B2B branding, site design, corporate identity creation
By: (Aranjedeath)
on
Twitter

short. real-time. contextual. customer support. news breaks on twitter. Corporate and personal are both received well, but pick one. If you're not on top of your stuff, your message will probably be lost. twitter moves quickly, and waits for noone.

Facebook

longer, but still <100 words. Photos a plus. If your tweets are high quality enough, cross-share them. It's a personal network though, so be personal. Don't be business. Specifically, trumpeting brand messages and slogans does not seem to do well here. Again, it's a personal network, so personal interaction is key. B2B is not easy here, due to the personal nature of the network.

G+

long-form writing is possible (and you'll find others quickly if you do). It's good for meta-discussion. Photos/videos/thought-leading(saying the right thing to the right people at the right place at the right time in the right way) with high quality links to outside articles marked up with Authorship/hCard always a plus. G+ loves high-res photos with relevant text. Communities are absolutely gold if you want to work on the meta-discussions around branding, marketing, coding, web design, web development, whatever. It really doesn't matter. Someone, somewhere has a community around the topic you want to work with. Unlike Facebook, penetration is not an issue here (Facebook filters messages (unless you pay) while Google has attempted to build a serendipity engine). Also, be aware that anything you put into G+ with links and photos and discussion will boost that link's rank. Google has been about as clear as you can be about what G+ does for sites.

LinkedIn

The internet tells me this is the one for B2B, but I have zero experience with it and thus cannot speak to its advantages. But — It's the business professional's network for a reason. Businesses are here.

SEO Ranking

I don't know about Bing and others, but Google has, for the past ~2 years, been moving towards punishing all of the old SEO tools (see all the articles that come out every time Google pushes a new search engine ranking algorithm. The algorithms are named, and every time SEO people scream bloody murder. It's great). All the keyword spamming and loading, all the link-building, etc. They want real text written by real humans, attributed to the real author (Google Authorship+hCard data). Use all of the new html5 micro-formats, all the little things like hCard data, along with excruciatingly good, well structured, semantic html5. Even if some of the old tools work still, the general trend is that Google wishes they didn't and is working to make that a reality. Best not to waste money being on the trailing edge.

Further Notes

Don't cross-share between networks if you're saying things targeted to that specific network/demographic, and also not if for example your twitter is business and your Facebook is personal. Those shouldn't be automatically cross-shared between. Manually, perhaps.

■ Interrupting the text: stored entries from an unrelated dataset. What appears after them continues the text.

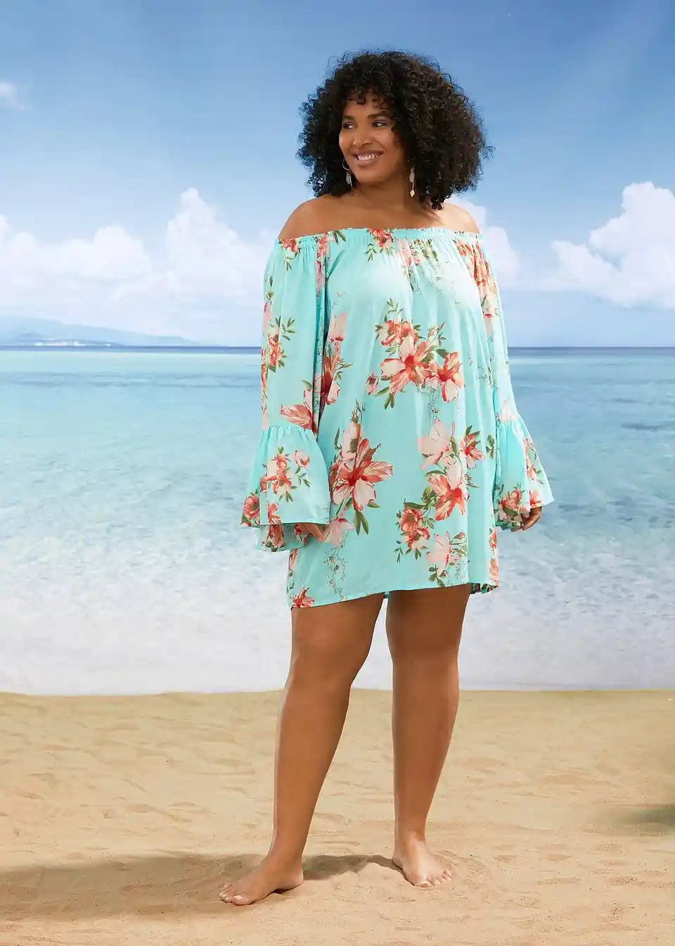 Elegantna, široka plažna tunika z modnim karmin izrezom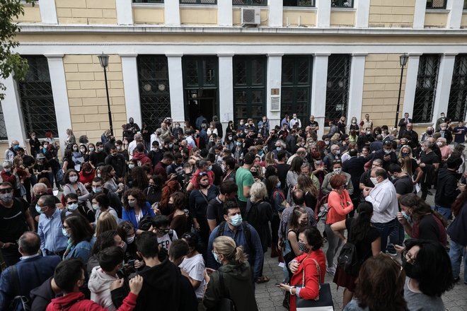 Παρόντες στο προαύλιο της Ευελπίδων είναι γονείς, εκπαιδευτικοί και μαθητές, οι οποίοι συμπαραστέκονται στους συλληφθέντες και ζητούν να αφεθούν ελεύθεροι, χωρίς να τους αποδοθούν κατηγορίες. Στην Ευελπίδων βρίσκονται επίσης ο Τομεάρχης Παιδείας του ΣΥΡΙΖΑ, Νίκος Φίλης, ο Τομεάρχης Προστασίας του Πολίτη, Χρήστος Σπίρτζης και ο εκπρόσωπος του κόμματος, Νάσος Ηλιόπουλος.
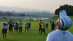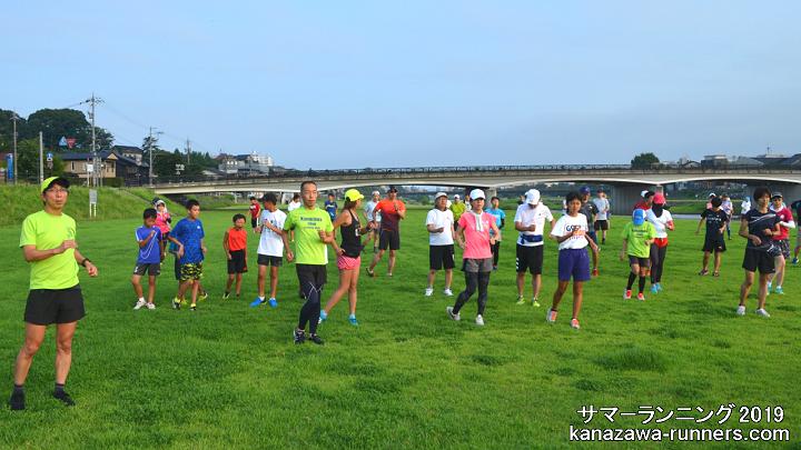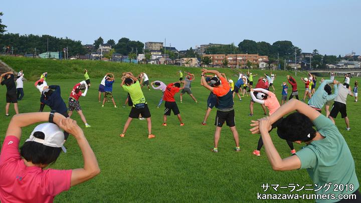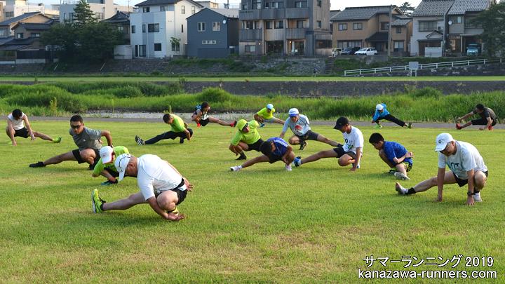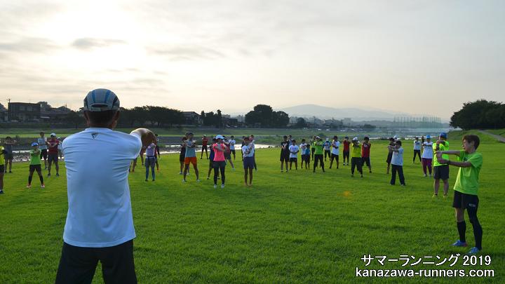 | 連日真夏日の暑い日が続いています。サマーランの会場は、左岸の河川敷。私の練習コースは犀川右岸の河川敷、上菊橋から御影大橋の間で、たまに右岸を走ります。いつもは夕方ランですが7月中旬から早朝ランに切り替えています。 今日はMTB(自転車)で会場入り。芝生はシッカリと伸びて、奥卯辰山健民公園のよう。朝礼・軽ジョグ・準備体操のあと、集合写真を撮影しました。この後、クラス分けして自由ランニング。私はカメラを置きに一度帰宅。身軽になって、いつもの河川敷コースへ8kmラン。自由ランのみなさんと合流する頃には気温は34℃に上がっています。今日の練習は、ラン=10km、MTB3km。 ※自由ランの撮影を省略しました。私も練習として走りたいのと、汗でカメラが濡れるためです。 5日(火)に事務局長からメール。次週から会場を奥卯辰山健民公園に戻すことになりました。 |
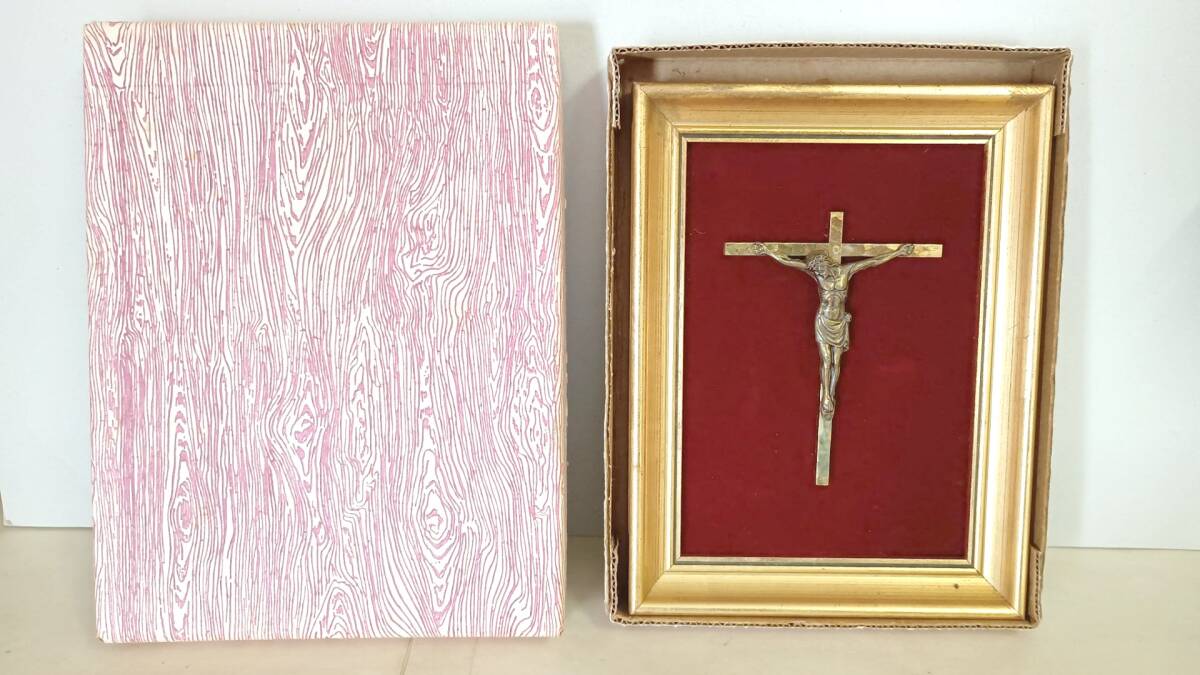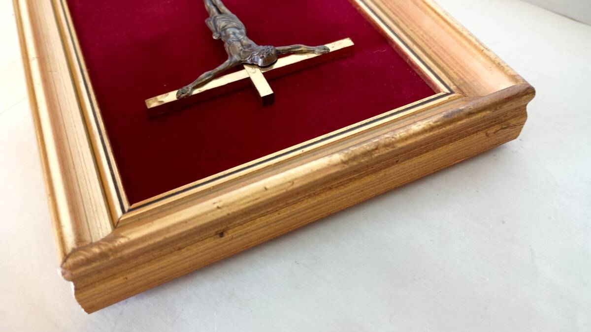 木製のフレームにブロンズ製のキリストが掛かっており、フレームの中の素材はベロア生地を使用して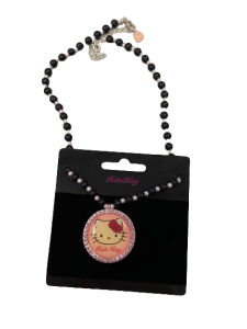 A corrente, composta por contas rendondas em tons de preto e rosa, adiciona contraste e profundidade ao design, tornando este colar uma peça versátil para diversas ocasiões. Leve e confortável de usar, é ideal para completar um look casual ou dar um toque especial a uma ocasião mais formal. Uma escolha encantadora para os fãs da Hello Kitty que apreciam acessórios distintos e requintados.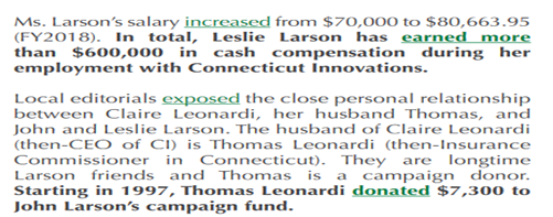 This is just one example of a conflict of interest. Now let us look at Mr. Larson’s wife who was hired in lieu of 198 other candidates for an administrative position at Connecticut Innovations.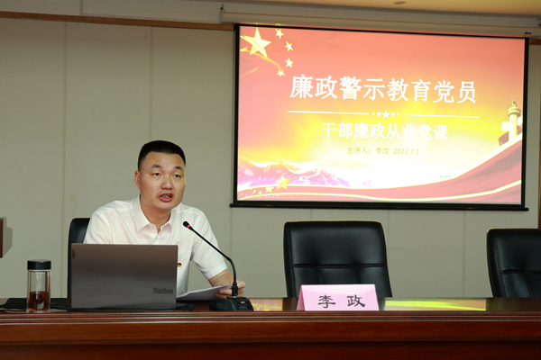 隨后,黨委書記李政為全體黨員上了一堂廉政專題黨課。從4個方面講述了認清反腐倡廉、嚴守規(guī)矩、正風肅紀的重要性和急迫性,一是認識新形勢反腐敗斗爭的形勢,二是腐敗出現的原因和防范措施,三是學習廉潔法律法規(guī),防范廉潔風險,四是增強黨員領導干部拒腐防變的能力。并對公司的黨風廉政和反腐倡廉工作提出要求,在國企,不要想著賺大錢;做事情,以企業(yè)利益為先;要形成求真務實、清正廉潔的新風正氣。

If you share gorgeous hi-res photos of work, any of them will do, but mostly the sites other than twitter. (twitter likes links. photos are fine, but (a majority) use it on a mobile phone.)

If you're going to work ~8 hour days, an hour of that should be industry(social+networking) stuff. Keeping up with news, making commentary, pointing out issues with new stuff, etc. Be original, give your opinion, etc. You want to be a part of the meta-discussion. It'll help you stay informed about new stuff, and you'll pick some leads up in the process (especially if what you're saying is spot-on). (being spot-on is often called being a "thought leader" in a marketing context. The right thing at the right time.) When you die on the internet, you die for real. Friends/acquaintances made on the internet are no different. Make them, keep them. This also means that if you fuck up, you fix it. Keys at the top should guide your interactions.

what kind of prose will you use? what tenses to refer? what will the voice be like? company needs a "voice". clear separation is the most important thing. Business * page should be only things you want to reflect on your company. If you and your brand are synonymous, then you're synonymous – see previous sentence.

When at a certain scale (large enough where social media is monetarily worth it to support during business hours) perhaps set business pages up to be run by someone whose job it is to do that. This way it's not a personal thing, they're representing the brand. This can only happen after the questions earlier regarding the company's voice, etc, are answered and documented.

you like branding: so show-and-tell examples of really good branding. Not a bad idea for a blog, either (weekly? so you can dip your toes and gain an audience without a massive amount of time spent on that single outlet). G+ would like it, too. This is not "hey look at pretty pictures" – it needs to be more substantive. If you want to go for it, do something longform such as critiquing fully the designs, laying out where you think their influences came from (think art history), things like that.